All of these programs are great, but the individual connections are even more paramount. A text to a student to check in, a happy birthday wish on their special day or an unfortunate condolence call for those who have lost loved ones. For me, it’s putting in the extra effort to make a student feel special and finding ways to do this. Does the student have dietary needs that we can fulfill and can we make this student feel seen in making a special box for them? Did a student forget to sign up for Shabbat but do we have an extra meal for them anyway? Can we put an extra dessert in a bag, just because we know that student had a tough week? Even though we are in Hamilton, can we make an extra effort so our Toronto or out-of-province students also feel a part of our community and send them mailings and deliveries so that they feel part of our programming? Having inclusive programming is a cornerstone of Hillel’s mandate. In a pandemic, even more so. 

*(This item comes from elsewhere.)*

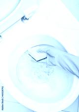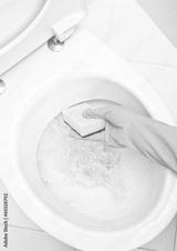 Hands on yellow gloves cleaning a WC

I miss seeing the students. I miss hanging out in the Hillel office and chatting over a bagel and cracking jokes over the lineup at the toaster. I miss bumping into students on campus, catching up on their lives, and being part of a place where they come for comfort and support (and food!).    With all the programming and outreach we have done in the past 10 months, I hope that we can continue to maintain our virtual community. That even though we are not in person, our students know we are still here for them. While the medium may have changed, the sentiment certainly has not.